Program will not stop from for or while loop if input is EOF or -1.

The program is like below:

#include <stdio.h>
int main() {
    double nc;
    for (nc = 0; getchar() != EOF; ++nc) {
        printf("%.0f\n", nc);
    }
}

From my understanding, if I input EOF or -1 in terminate then the for loop will be stopped, as -1 or EOF makes the condition being false.

One more question regarding the same example: if I will not use nesting loop code as followings:

for (nc = 0; getchar() != EOF; ++nc)
    ;
printf("%.0f", nc);

No any error or alert, but it seems function printf does not work as expected. It just output what I input.

Upvotes: 3

Views: 980

Answers (3)

chqrlie
chqrlie

Reputation: 144645

Your program will stop at end of file, which is what EOF signifies.

To enter an end of file from the terminal, type Ctrl-D on unix or Mac/OS and Ctrl-ZEnter on Windows systems.

Ctrl-D is obtained by pressing Ctrl and then D while the Ctrl key is held down.

Note that a double variable is not appropriate for a simple counter, you should favor the int type for this.

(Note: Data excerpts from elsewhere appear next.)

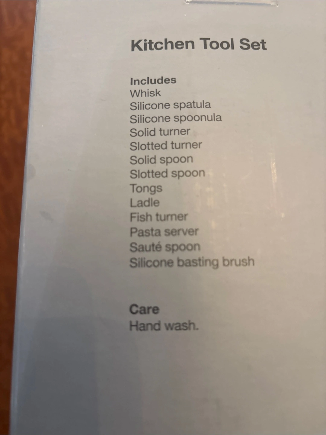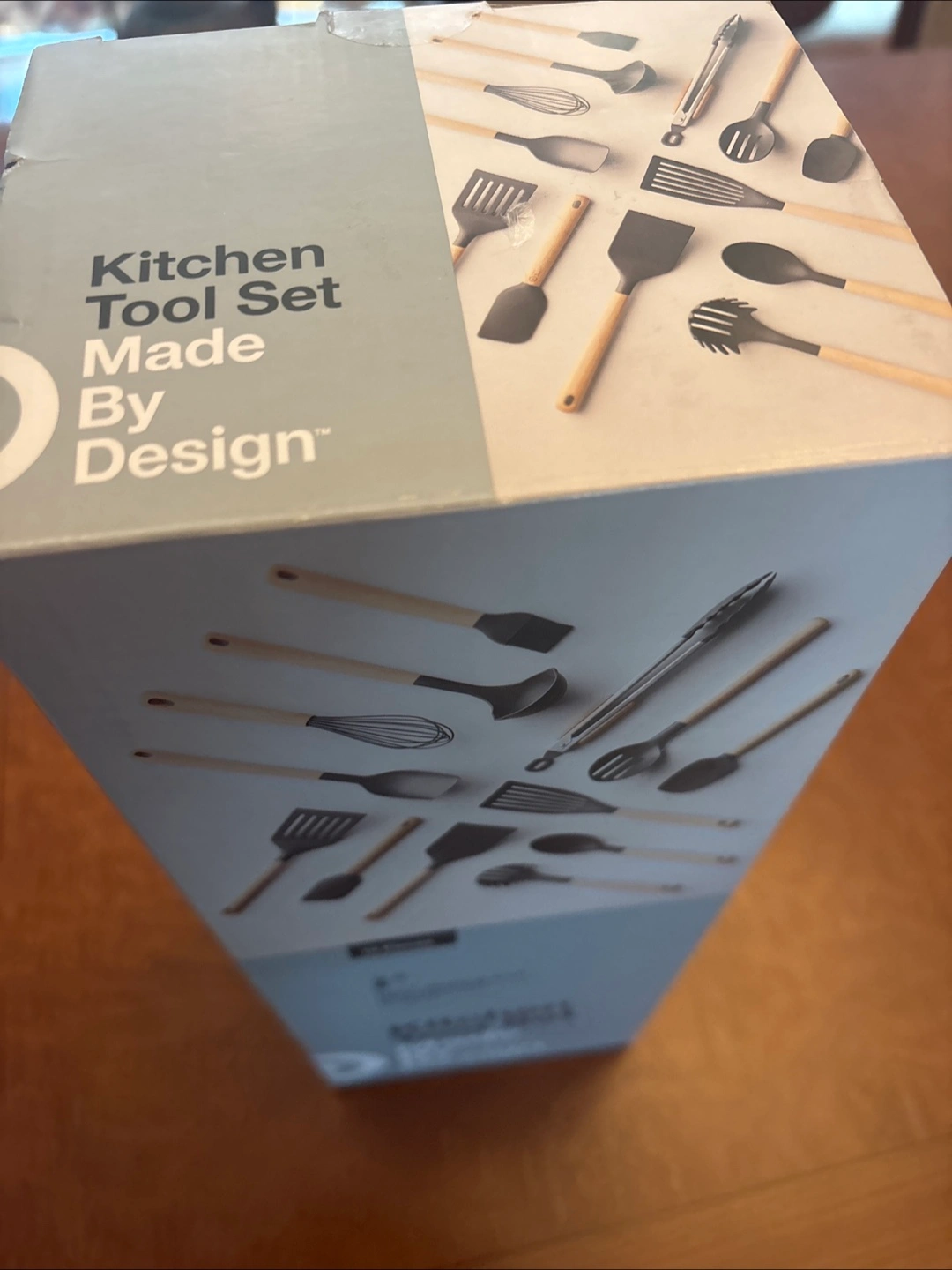 277Selling a new in box complete 13-piece kitchen tool set from Made By Design! The set includes a whisk, silicone spatula, silicone spoonula, solid turner, slotted turner, solid spoon, slotted spoon, tongs, ladle, fish turner, pasta server, sauté spoon, and a silicone basting brush The nylon working ends are heat resistant up to 450°F, and the box is included
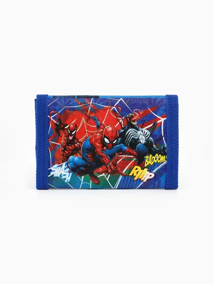 Компактный детский кошелек с изображением Человека-паука. Предназначен для хранения карманных денег, наклеек, мелких игрушек и других детских мелочей. Застежка на липучке удобна для самостоятельного использования ребенком. Размер 8х11,5х1 см оптимален для детских рук, легко убирается в карман куртки, джинсов или небольшой рюкзак. Материал сохраняет форму и яркость принта даже при активном использовании. Кошелек приучает ребенка к порядку и самостоятельности. Удобно брать с собой на прогулку, в поездки или детский сад.
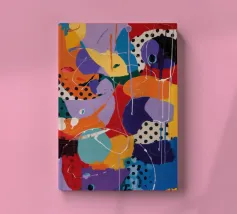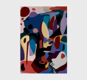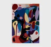 This painting is a bold and colorful abstract composition with a mix of organic and geometric shapes. The use of bright colors and dynamic forms creates a sense of movement and energy.
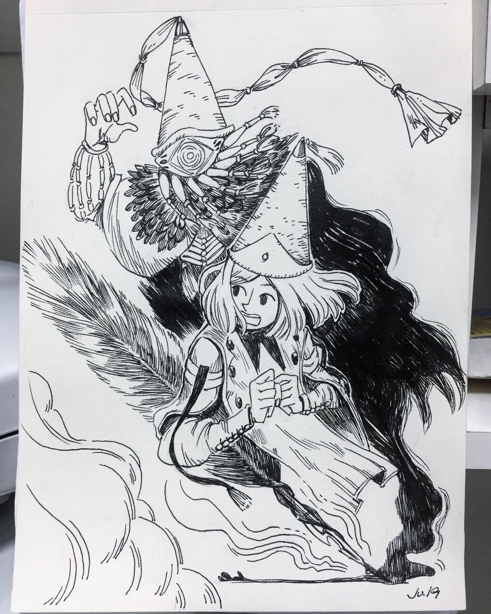 Coco and witch with the lidless eye hat - Iguin ❤️ A5 , ink & canson paper. #tbt #witchhatatelier #Δ帽子
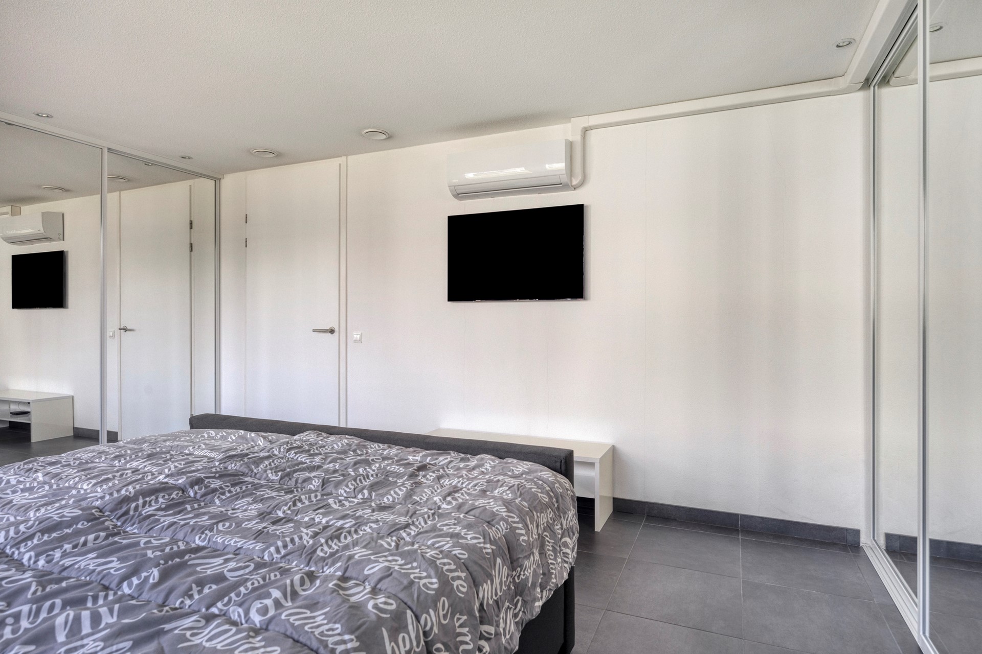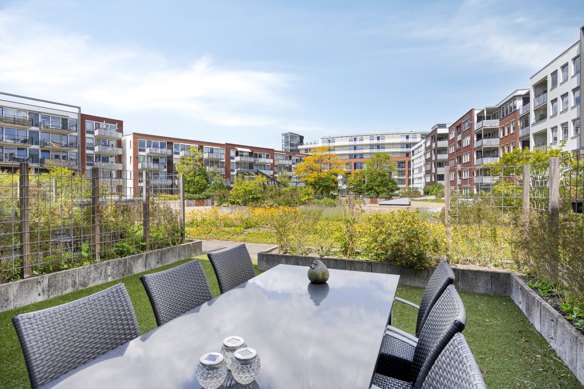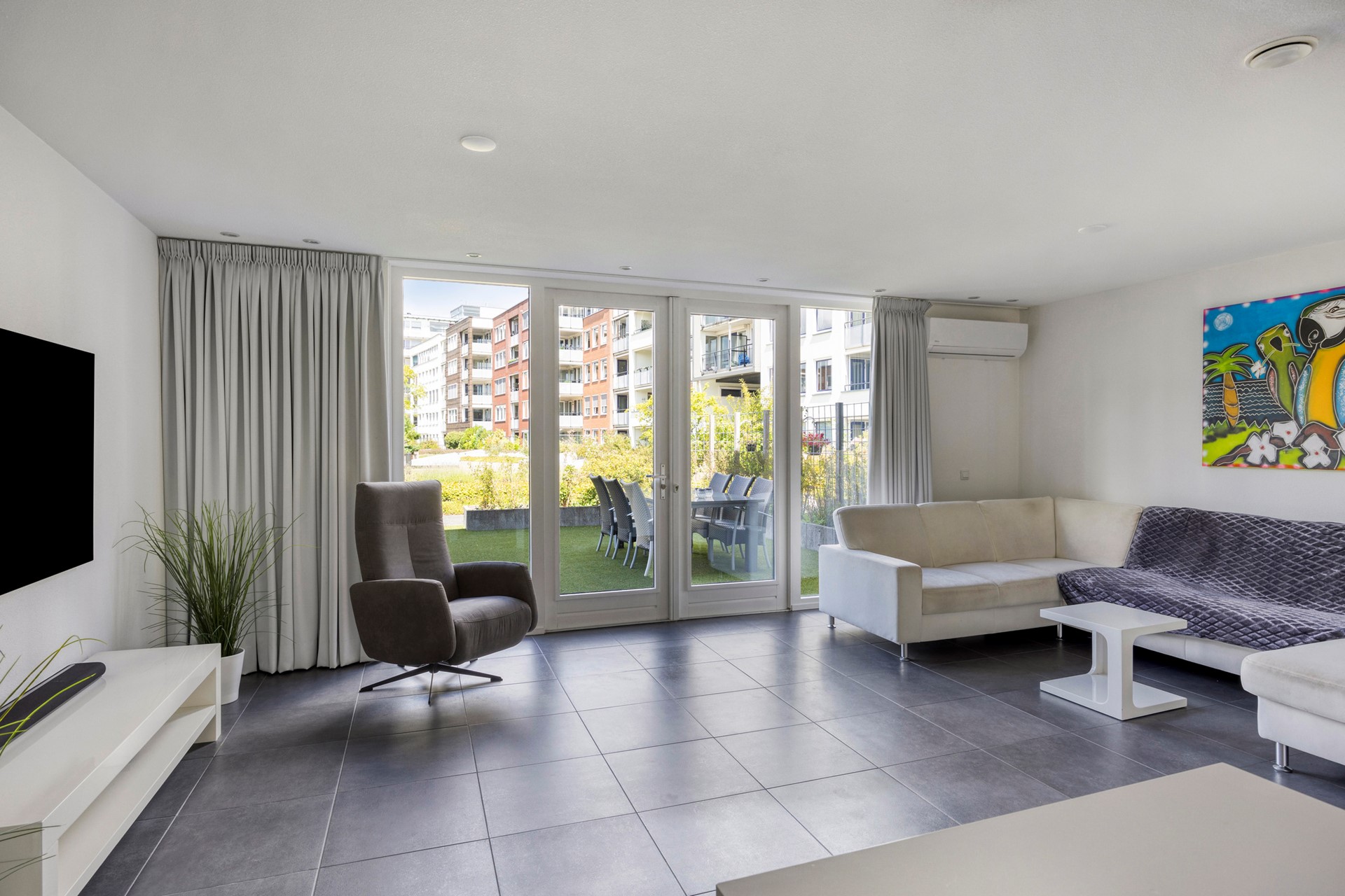 De woning heeft een gedeeltelijk split-level indeling, wat zorgt voor een speels karakter en veel lichtinval. Via de entree kom je in de ruime woonkamer, die direct toegang biedt tot de tuin. Deze tuin grenst aan de fraai aangelegde binnentuin van het appartementencomplex Quatre Mains, wat zorgt voor rust, privacy en een groene omgeving.
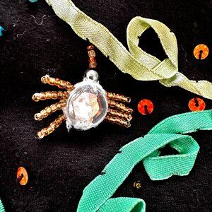 Black with very festive Halloween themed designs, embellishments on front: spider, seashell, moon, stars, round. sparkly orange disks
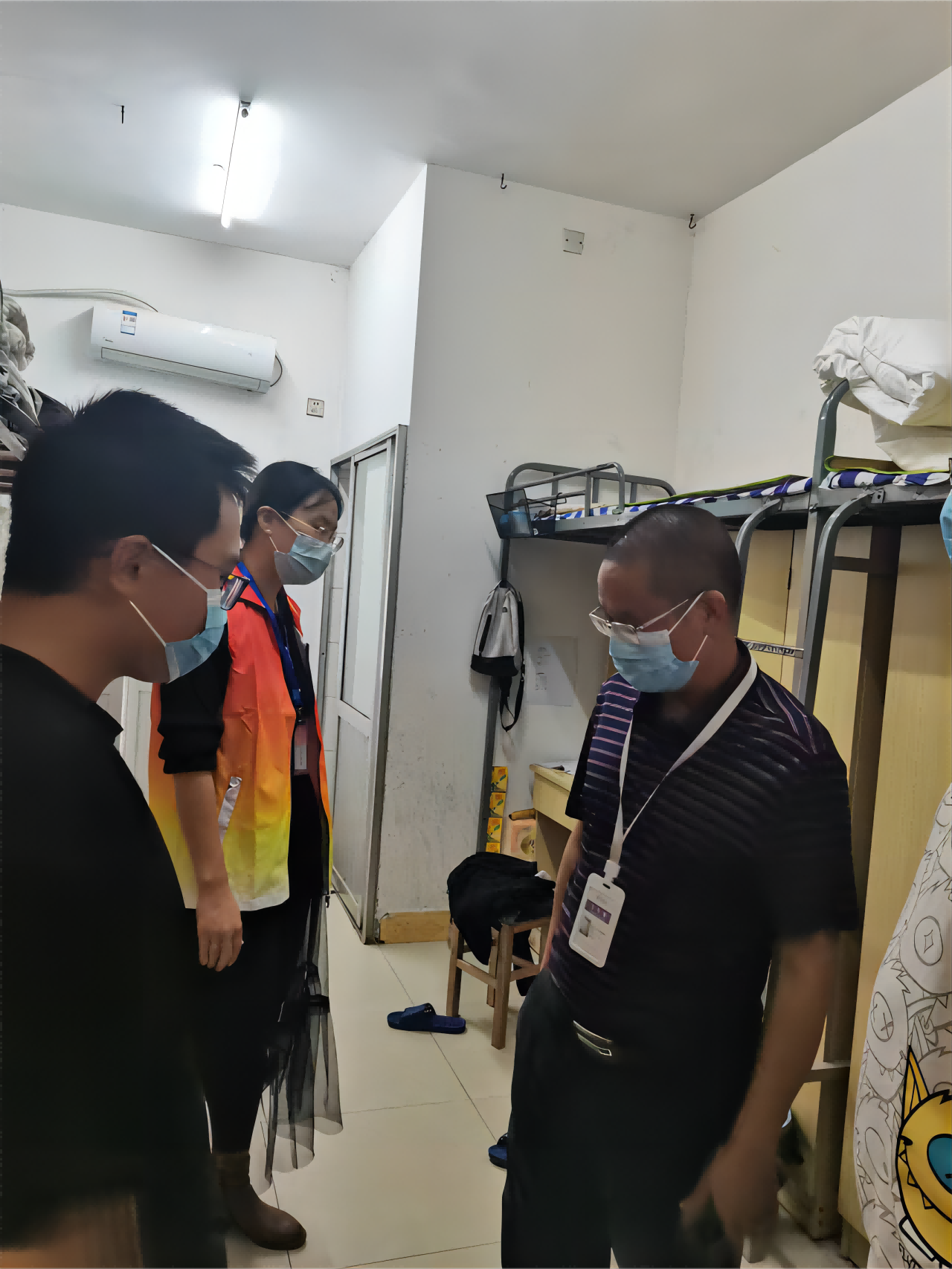 在学校封闭管理期间深入学生寝室,与学生近距离交流,了解同学们的心声诉求,也是我院党总支落实“我为师生办实事”的具体体现。这不仅有效缓解了学生产生的焦虑情绪,更拉近了学院与学生的距离,增强了同学们的幸福感和归属感。

Note also that input is not received one character at a time by the program: it may be buffered on a line basis when reading from the terminal and on a block basis when reading from a file. A posted, your program will read a line of input from the terminal and as multiples lines of output at once, one for each character typed, including the newline.

Upvotes: 4

Aconcagua
Aconcagua

Reputation: 25518

You misunderstood...

If you enter EOF or -1 in console, you will get these as strings: "EOF", "-1". If you read them character by character, you will get the sequences 'E', 'O', 'F' and '-', '1' (numerical values, ASCII/UTF-8 provided: 69, 79, 70 and 45, 49 respectively), but never the numerical value of EOF(-1).

How to actually enter EOF: see chqrlie's answer, who has been faster than me...

Upvotes: 0

Attie
Attie

Reputation: 6969

EOF is not something that you can input, rather a state the the file descriptor can be in.

To achieve this state on the console you must press Ctrl+D if you're running a unix-like system.


Alternatively if you were to run your application by feeding in a file, you'd see that your application will stop once it has read to the end of the file.

./my_app < some_file.txt

Additionally, I would advise you to use an integer type to count loop iterations, for example int, or size_t. Floating point types are not well suited to this.